Uploading a new Treebanking Tagset

This is the standard workflow for creating and deploying a custom treebanking tagset. In order to implement this, we assume you have some working knowledge of github, and a xml document editor installed on your machine.

First you need to clone two repos

https://github.com/alpheios-project/arethusa-example-data

Which contains the sample data for the tagsets
https://github.com/alpheios-project/arethusa-configs which contains the configuration files for the tagsets

In both of these repos, you will need to make a branch. Name both branches after your name for your new tagset. So for this example we will call the branches “newtags”

A complete tagset contains at least four files, three configuration files, and one example file. It is possible to make more complex tagsets, which include more files. But the basic requirement for his workflow is four. When naming these files, one should use the same naming conventions used to name the branch. So If for a hypothetical tagset “newtags” we will have four files.

The main configuration file sits in the top level of the configs folder in Arethusa configs. We will call this file “newtags.json.” This file will be relatively short and look something like this.

 “plugins”: {
   “morph” : {
     “@include” : “./arethusa.morph/newtags_morph.json”
   },
   “relation” : {
     “@include” : “./arethusa.relation/newtags_realtion.json”
   }
 }
}

Notice this file points at the two other configuration files, “newtags_morph.json” and “newtags_relation.json.” When naming your morphology and relation config files follow this naming convention.

For instructions on creating a morphological configuration file look here. When you have completed your morphological tagset, place the file in the “arethusa.morph” folder.

Creating a relational config file is similar to creating a morphology config file. If you want to use the default relational elements, you do not need to write a relational config file, and can instead  remove the “relation” section from your main config file.

In the “treebank” folder in the example data, create a treebank file which has been associated with your tagset. Once again the name should match the name of the tagset group. In our example case, “newtags.xml”

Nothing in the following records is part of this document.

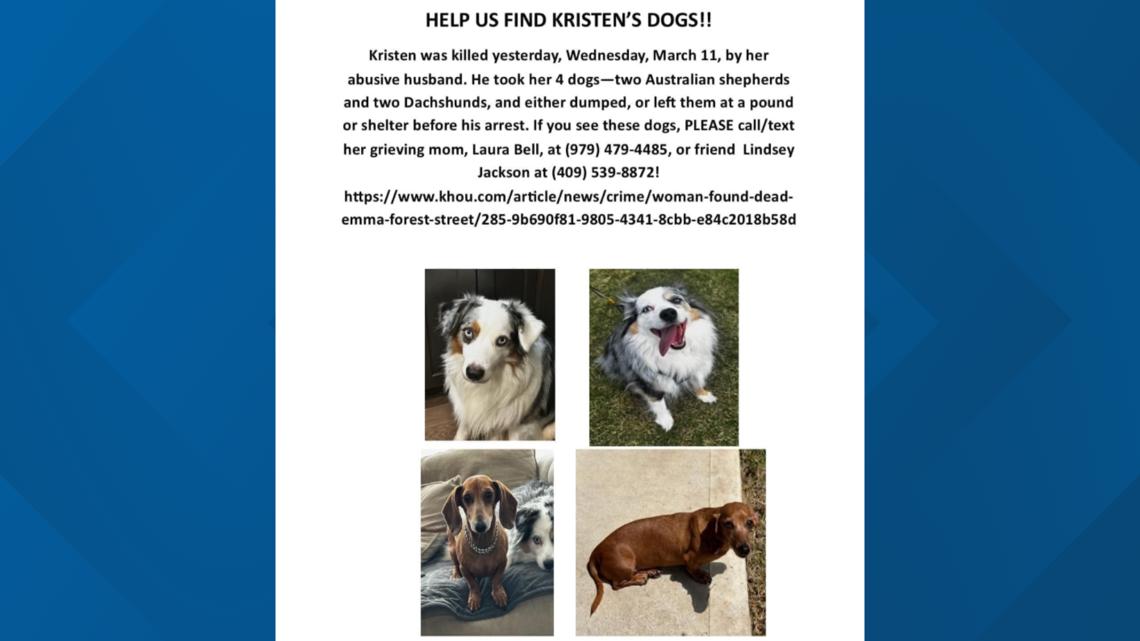 Based on relations, simply hours earlier than the alleged homicide, Probability stole Kristen’s 4 beloved canine and deserted them on the aspect of the Katy Freeway.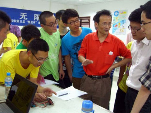 科协人扎实的技术功底,两件作品“无线遥控小车”和“俄罗斯方块游戏机”使得现场氛围异常活跃,技术领域的娱乐色彩吸引了大家的眼球。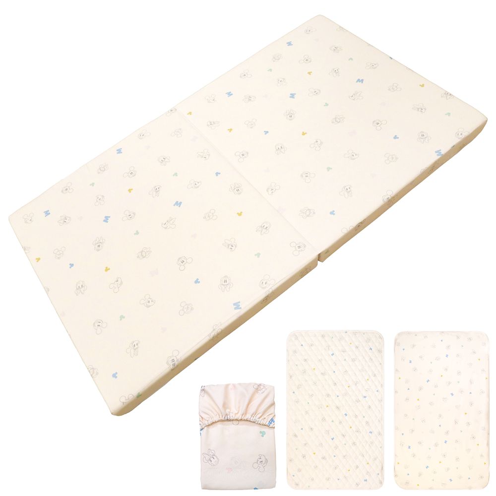 ☆成長途中の赤ちゃんの骨や筋肉をしっかりと支える「固わた敷きふとん」と「フィッティングシーツ/防水シーツ/防水キルトパッド」が付いた、おねしょや寝汗対策ができる4点セット。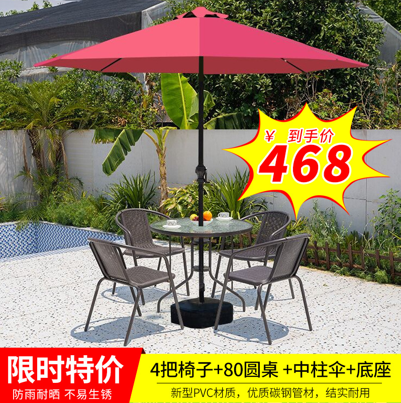 야외 테이블과 의자 등나무 의자 철 레저 야외 테이블 및 의자 5 개 세트 야외 테이블 및 의자 안뜰 발코니 테이블과 의자 우산 조합스토어 가기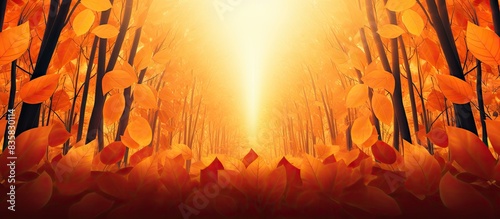 Wall mural scenic view featuring yellow trees, green grass, and sun in a park with colorful foliage. includes f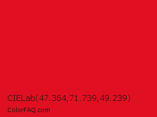 CIELab 47.364,71.739,49.239 Color is a normal red color and the nearest color is Medium Candy Apple Red #e2062c. Hex code #e00f21 and RGB value is rgb(224,15,33). In RGB color space, this color is composed of 88% red, 6% green, 13% blue, In CMYK color space, this color is composed of 0% cyan, 93% magenta, 85% yellow , 12% black , In HSL color space, this color has a hue angle of 355° , 87% saturation and 47% lightness.
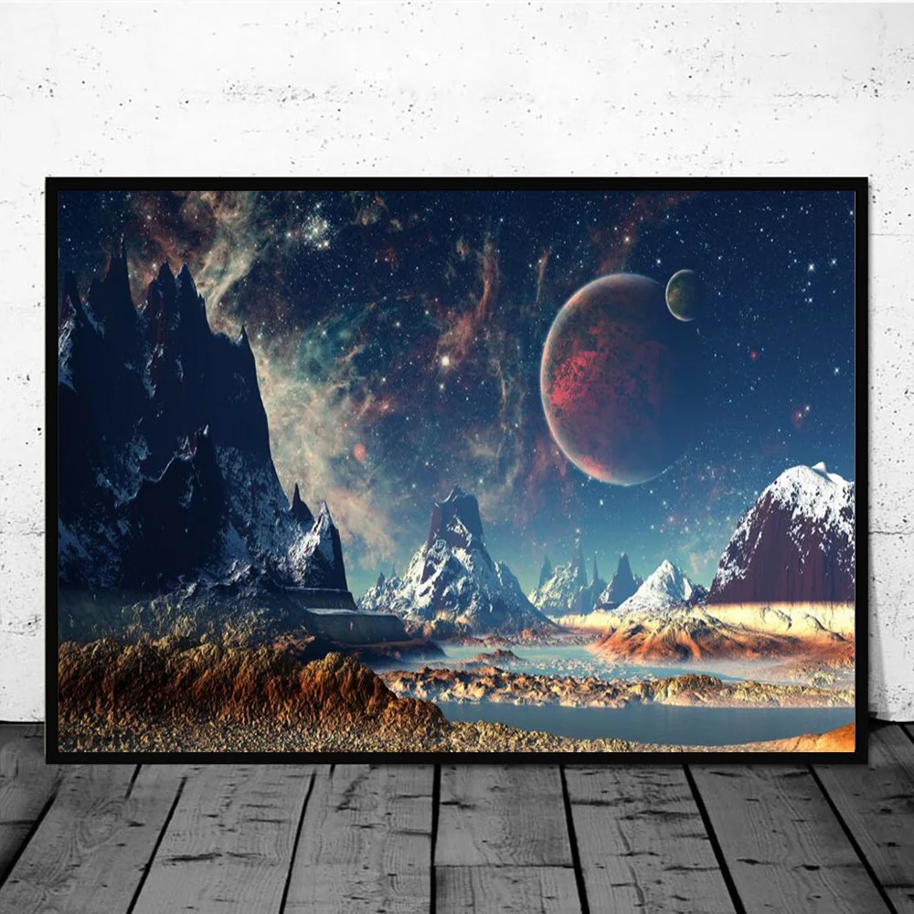 Постеры и принты звездной Вселенной, галактики, космоса, горного неба, пейзажа, холст, художественное украшение на стену, картина для комнаты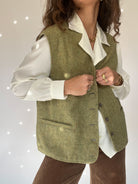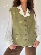 Vintage 80’s Light Olive Wool Tweed Vest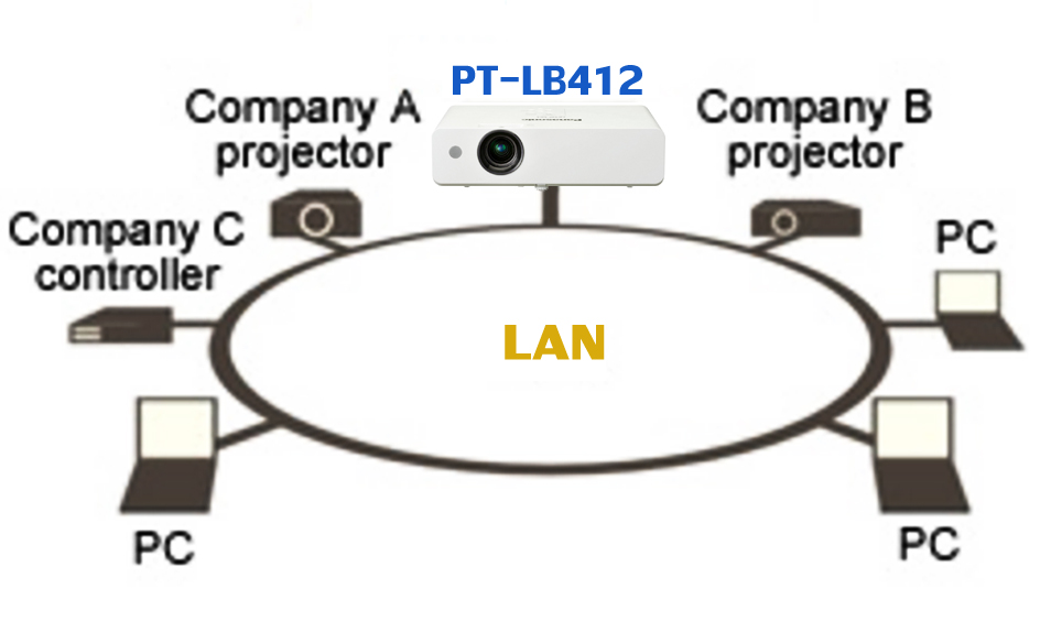 สำหรับระบบ LAN ในเครื่องโปรเจคเตอร์นั้น ถือได้ว่าเป็นระบบที่สำคัญและจำเป็นมากสำหรับในธุรกิจและองค์กร ซึ่งส่วนมากมักจะมีอยู่ในเครื่องโปรเจคเตอร์เฉพาะรุ่นที่มีราคาสูงๆ เท่านั้น สามารถควบคุมการใช้งานร่วมกับเครื่องโปรเจคเตอร์และคอมพิวเตอร์เครื่องอื่นๆ ผ่านทางระบบเครือข่ายภายในได้อย่างสะดวกรวดเร็ว นอกจากนี้ยังใช้ในการเล่นอินเทอร์เน็ต เปิดเว็บไซต์ต่างๆ ผ่านทางฟังก์ชั่น Web Pages ในแอปพลิเคชันบนมือถือได้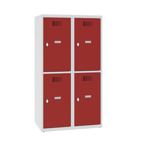 Niższe szafki szatniowe szkolne, 4 przedziały, 400 mm, zamek cylindryczny - Niższa szafka szatniowa szkolna, 4 przedziały, 400 mm, szara/czerwona, zam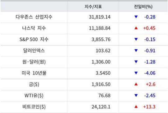 [글로벌시장 지표 / 3월 14일 오전 6시 현재]

Once you have created your treebank file, open in it an xml editor, or edit the xml on Perseids.
In the element, there is an attribute called “format.” To set the file to look at you config file simply change the value of format to the name of your main config file. Our sample would look something like this:

<treebank version=”1.5″
 xml:lang=”lat” format=”newtags”
xmlns:xsi=”http://www.w3.org/2001/XMLSchema-instance”
xmlns:treebank=”http://nlp.perseus.tufts.edu/syntax/treebank/1.5″
xsi:schemaLocation=”http://nlp.perseus.tufts.edu/syntax/treebank/1.5 treebank-1.5.xsd”>

Once you have set up those files. You will put in a pull request to the main branch for both the arethusa-configs, and the arethusa-example-data repositories. We will test and process the files, and eventually merge them into the main repository. Once merged, they will be available for use in Arethusa via Perseids online.